Dust off that old Bing Crosby record, because according to Environment Canada, the only white Christmas we'll likely be enjoying this year is the one coming from our speakers.

"Right now if you were an odds maker I'd be betting a few loonies on the fact there will be a few more areas than last year that will be green rather than white this Christmas," the agency's senior climatologist, Dave Phillips, told CTV News.

A white Christmas tends to involve at least two centimetres of snow on the ground come December 25.

With the exception of our northern compatriots up in Yellowknife, Whitehorse, and Iqaluit, who never met a December that wasn't blanketed in the stuff, the rest of us can expect little more than a polite dusting on the front yard.

Although cities like Calgary, Edmonton, Regina, and Winnipeg have each had varying amounts of snow up to now, the showing is paltry compared to previous years.

Along the Atlantic coast capitals there's nary a flake to be seen. Same goes for major towns like Toronto, Quebec City, and Vancouver.

In fact, the unseasonably has some Canadians asking "where's winter?" Of course, Canada will eventually be walloped by the white stuff this winter. We're just going to get a reprieve through the holiday season.

"For Canadians to see a guaranteed white Christmas at this stage they're going to have to go north," Phillips tells CTV.

But for those who can't imagine celebrating the holidays without the promise of a few itinerant flakes, Phillips provided a spark of hope.
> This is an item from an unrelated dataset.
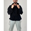 Kadife Dokulu Siyah Oversize Kapüşonlu Erkek Sweatshirt Coc1038 Siyah

"There could be some surprises, there are storms not even born yet that will give us snow before Christmas. But whether we get it is one thing, whether we can hold onto it is another," he said, adding that weather can attack us from any direction.

Still, if you have the budget and feel like seeing the world, you could try to book a holiday to New York City, Prague or Paris - they're just some of the international destinations that appear to be a lock for the storied white Christmas.